# [Exercise data]
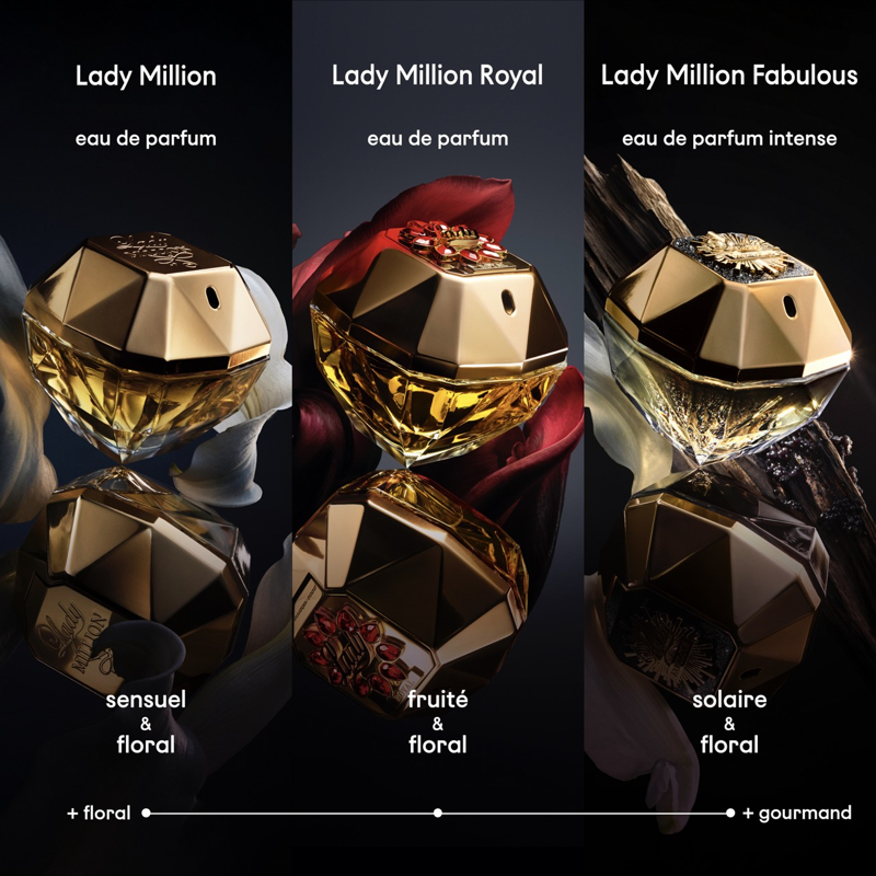 Entra nel regno di Lady Million Royal e scopri la nuova eau de parfum femminile, creata per mostrare il meglio di te.
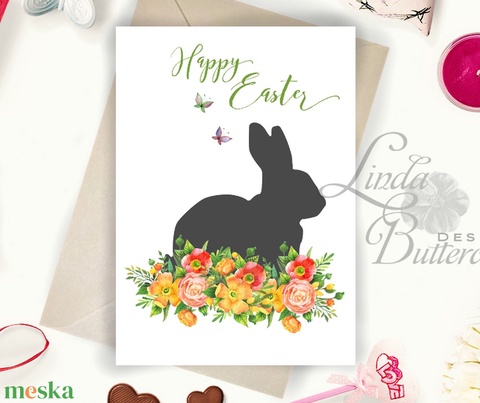 Húsvéti képeslap, Húsvéti dekoráció, Húsvét, Nyuszi, Nyúl, Tavaszi virágok, ibolya, pillangó, lepke, Tavasz
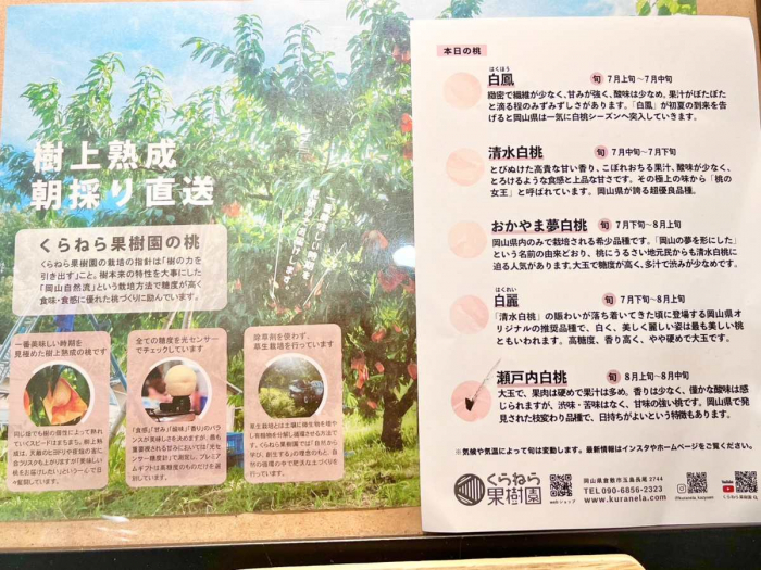 使用されている桃についてのこだわりもお伺いしました。岡山・倉敷にある契約農家『くらねら果樹園』から届くのは、“樹上熟成”というこだわりの栽培方法でとれた新鮮な桃。これは、ギリギリまで熟させる方法で、一番美味しい時期を見極めて収穫されるんだそう。

# [Task]
Wherever a picture appears in the listing above, drop it, and restate the rest exactly.

# [Output]
 Entra nel regno di Lady Million Royal e scopri la nuova eau de parfum femminile, creata per mostrare il meglio di te.
 Húsvéti képeslap, Húsvéti dekoráció, Húsvét, Nyuszi, Nyúl, Tavaszi virágok, ibolya, pillangó, lepke, Tavasz
 使用されている桃についてのこだわりもお伺いしました。岡山・倉敷にある契約農家『くらねら果樹園』から届くのは、“樹上熟成”というこだわりの栽培方法でとれた新鮮な桃。これは、ギリギリまで熟させる方法で、一番美味しい時期を見極めて収穫されるんだそう。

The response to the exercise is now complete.